Modular-housing request withdrawn

Proposal had faced backlash in North Little Rock

FILE — North Little Rock City Hall at 300 Main St. is shown in this 2020 file photo.
FILE — North Little Rock City Hall at 300 Main St. is shown in this 2020 file photo.

NORTH LITTLE ROCK -- A proposal allowing a modular home to be built in the Military Heights Renewal Addition was pulled during the City Council meeting Monday after the applicant withdrew his request because of backlash from the community.

Nathan Hamilton told other council members applicant David Bedford called him an hour before the meeting and asked his request be withdrawn.

The ordinance would have allowed Bedford to put a modular home at 504 W. 25th St.

"I was a little disappointed because I spent a lot of time on this, but I was going to vote against it and I figured it was going to be unanimous," Hamilton said.

The ordinance was proposed at the March 22 meeting, but it was held by Hamilton after council members and some neighbors from the Military Heights Renewal Addition expressed hesitancy about placing a modular home on the vacant lot.

A modular home is a house built in a factory setting and then transported to the building site and assembled on a foundation. Such homes became popular in the 1980s and 1990s as an affordable alternative in neighborhoods where trailers are banned.

Controversy around modular homes reached its peak in the early 2000s when cities tried to ban the homes because residents complained about them not "fitting into" neighborhoods, according to an article from the Chicago Tribune.

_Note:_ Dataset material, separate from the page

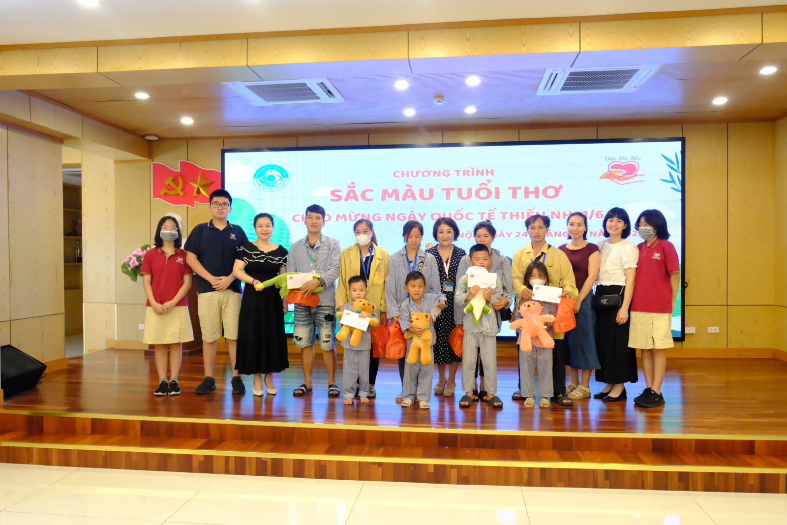 Cuối giờ chiều ngày 28/5/2024 tại Khoa Mắt trẻ em của Bệnh viện, 05 bé bệnh nhi mắc bệnh nặng, người dân tộc, gia đình có hoàn cảnh khó khăn đã được Công ty TNHH Môi trường Ngân Anh và Câu lạc bộ CIYE đã trao tặng mỗi bé một suất quà gồm đồ chơi và sữa cùng một triệu đồng với mong muốn được hỗ trợ một phần chi phí điều trị, khích lệ, động viên tinh thần các bé cùng gia đình bé giảm bớt lo âu trong quá trình điều trị tại Bệnh viện. Bên cạnh sự thấu hiểu, những lời động viên, những tình cảm yêu thương hai nhà tài trợ gửi tặng 80 suất quà gồm sữa và đồ chơi cho các bé bệnh nhi cùng gia đình nhân dịp Tết thiếu nhi 1/6.

Residents of the Military Heights area spoke at the meeting Monday, expressing their displeasure at the idea of a modular home being placed within their neighborhood.

Juanita Henderson, president of Military Heights Outreach Association, sent the City Council petitions with 65 signatures opposing the proposed ordinance.

"Military Heights does have some problems as most communities do, but a vacant lot is not a pressing problem for our neighborhood at this moment and time," Henderson said in an email. "One new house, one new family, will not increase the property value nor stabilize the community."